Recall that the encoder block is a stack of N identical layers. Each layer consists of a multi-head self-attention layer which we expatiated on in Ch. 16. Now we will add some further important missing details.  

- The multi-head self-attention is one of _two_ sub-layers in each stack of the encoder. The _other_ sub-layer is a fully-connected feed-forward layer.
- After each of the aforementioned two sub-layers, there's a normalization layer which first adds the sublayer's output to its inputs (this forms what we call a "residual connection") and then normalizes the result.
- Regularization is performed by applying a dropout layer to the outputs of each of the above 2 "sub-layers" right before the normalization step, as well as to the positionally-encoded embeddings right before they are fed into the encoder.

## 17.2 Implementing the Transformer Encoder from Scratch

Note: We will reuse the multi-head attention and the positional embedding logic we implemented in previous chapters.

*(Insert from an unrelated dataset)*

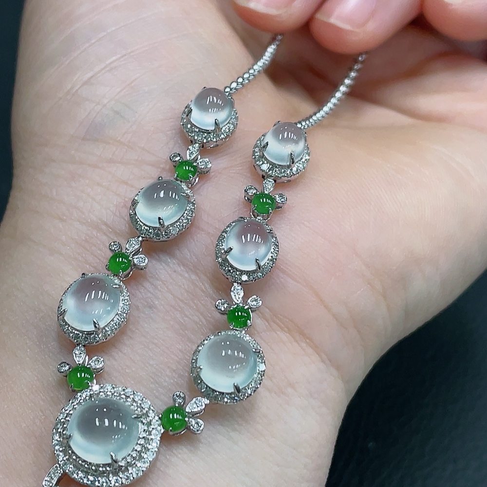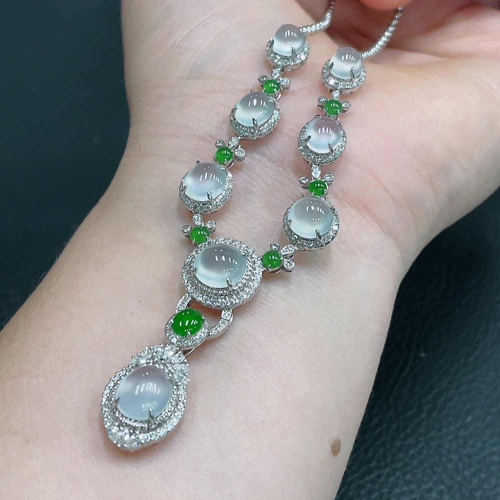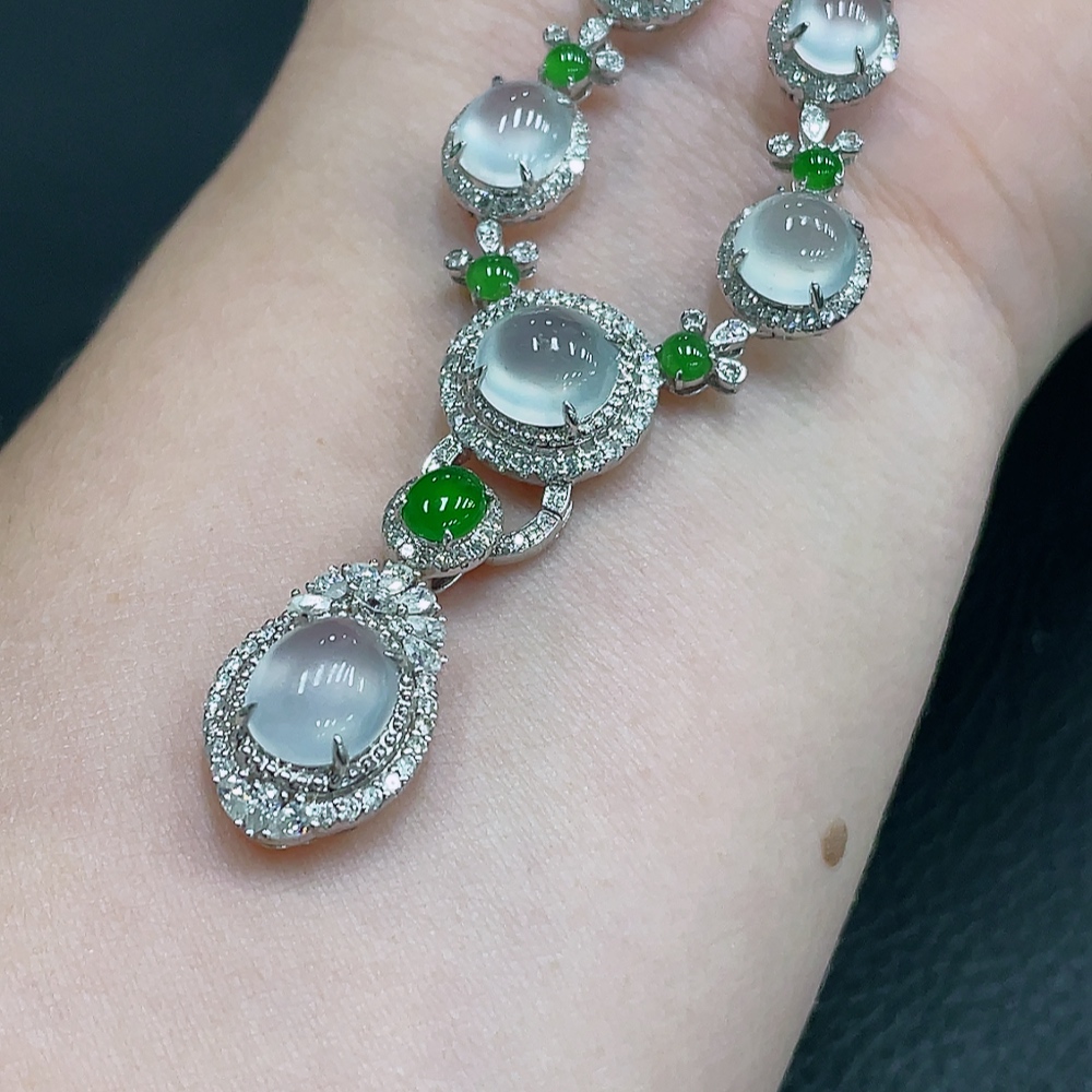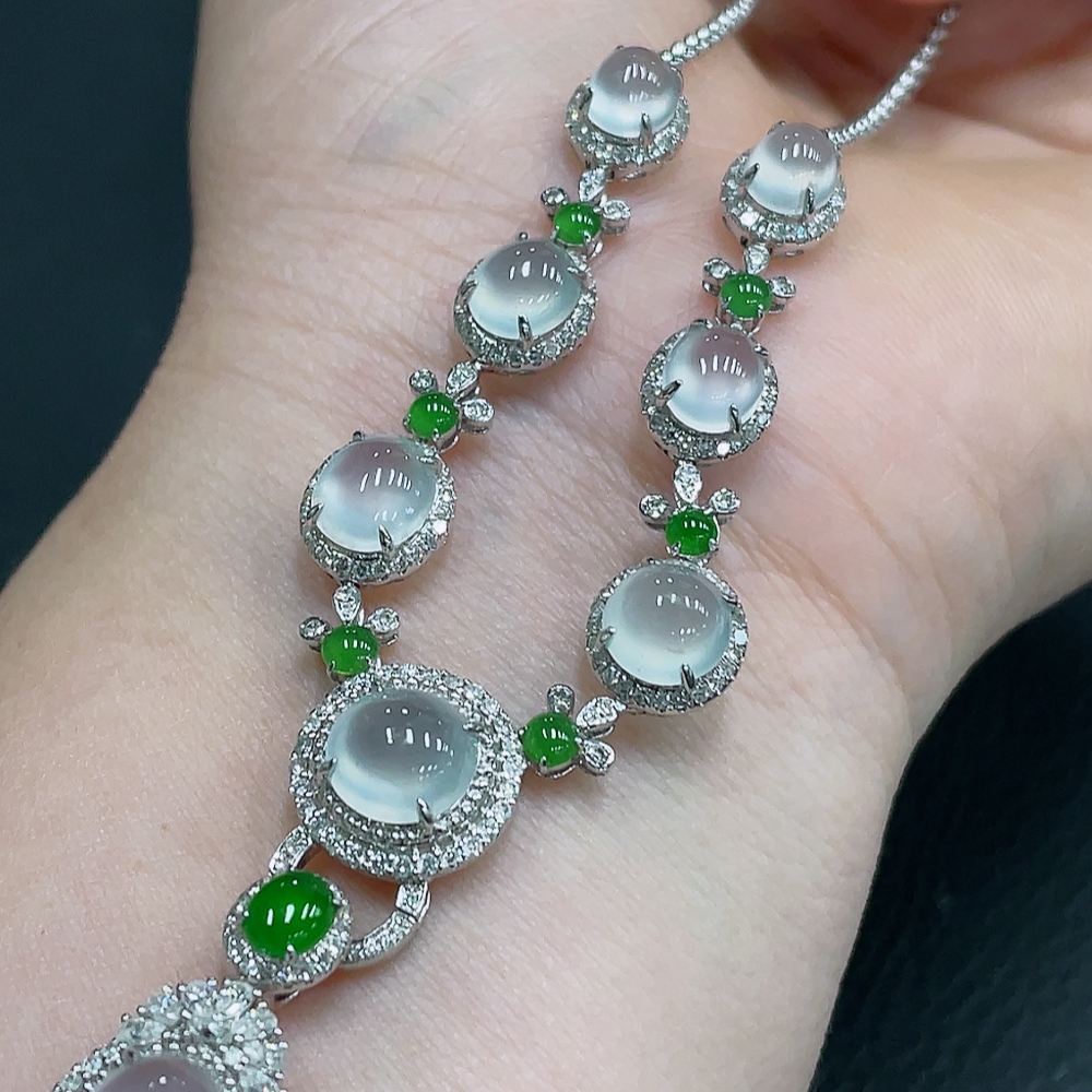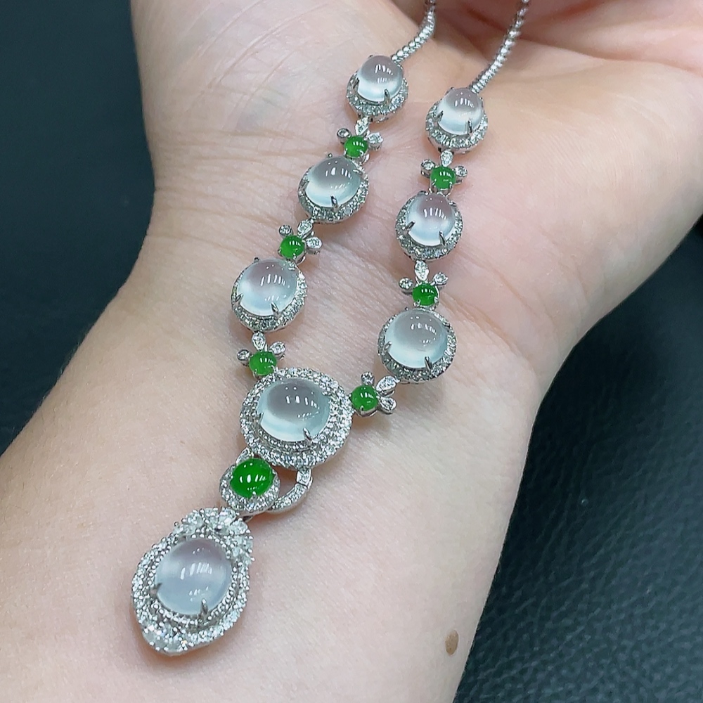Jadeite Bezel-Set Cabochon Necklace 18k Main Chain Approx. Total Weight 13.88g

### The Feedforward Network and Layer Normalization

In AIAYN this is simply two fully-connected (AKA Linear) layers with a ReLU activation in between. The first FF layer's output has dims $d_{ff}=2048$ and the second one brings it back to $d_{model}=512$.

In [2]:
class FeedForward(Layer):
    def __init__(self, d_ff, d_model, **kwargs):
        super().__init__(**kwargs)
        self.fully_connected_1 = Dense(d_ff)  # First fully-connected layer
        self.fully_connected_2 = Dense(d_model)  # Second fully-connected layer
        self.activation = ReLU()  # ReLU activation layer to come in between

    def call(self, x):
        # The input is passed into the two fully-connected layers, with a ReLU in between
        fc1_output = self.fully_connected_1(x)
        fc2_output = self.fully_connected_2(self.activation(fc1_output))
        return fc2_output

Next, we define our "Layer Normalization" layer. [Layer Normalization](https://arxiv.org/pdf/1607.06450.pdf), not to be confused with but in many ways similar to [Batch Normalization](https://arxiv.org/pdf/1502.03167.pdf), is a way of ensuring better, more stable training.

In [3]:
class AddAndNorm(Layer):
    def __init__(self, **kwargs):
        super().__init__(**kwargs)
        self.layer_norm = LayerNormalization()  # Layer normalization layer

    def call(self, x, sublayer_x):
        # Note: The sublayer's input and output need to be of the same shape to be summable
        add = x + sublayer_x
        # Apply layer normalization to the sum
        return self.layer_norm(add)

### The Encoder Layer

Next, we will define what an encoder layer looks like. **Note:** I may have used the word "encoder block" elsewhere. Going forward, I will try to stay consistent and use "encoder layer". Just picture AIAYN's block diagram and recall that they stack N=6 of for these to form their transformer's encoder "block". But we'll get to that in the next section.  
The `training` flag in the `call()` function is there so that we don't perform dropout regularization during testing and inference.  
The `padding_mask` argument, as explained in previous chapters, is to suppress zero padding tokens in input sequences from being processed along with valid input tokens.

In [4]:
class EncoderLayer(Layer):
    def __init__(self, n_heads, d_model, d_ff, dropout_rate, **kwargs):
        super().__init__(**kwargs)
        self.multihead_attention = MultiHeadAttention(n_heads, d_model)
        self.dropout1 = Dropout(dropout_rate)
        self.add_norm1 = AddAndNorm()
        self.feed_forward = FeedForward(d_ff, d_model)
        self.dropout2 = Dropout(dropout_rate)
        self.add_norm2 = AddAndNorm()

    def call(self, x, padding_mask, training):
        # Multi-head attention layer
        multihead_output = self.multihead_attention(x, x, x, padding_mask)
        # Expected output shape = (batch_size, sequence_length, d_model)
        # Add in a dropout layer
        multihead_output = self.dropout1(multihead_output, training=training)
        # Followed by an Add & Norm layer
        addnorm_output = self.add_norm1(x, multihead_output)
        # Expected output shape = (batch_size, sequence_length, d_model)
        # Followed by a fully connected layer
        feedforward_output = self.feed_forward(addnorm_output)
        # Expected output shape = (batch_size, sequence_length, d_model)
        # Add in another dropout layer
        feedforward_output = self.dropout2(
            feedforward_output, training=training
        )
        # Followed by another Add & Norm layer
        return self.add_norm2(addnorm_output, feedforward_output)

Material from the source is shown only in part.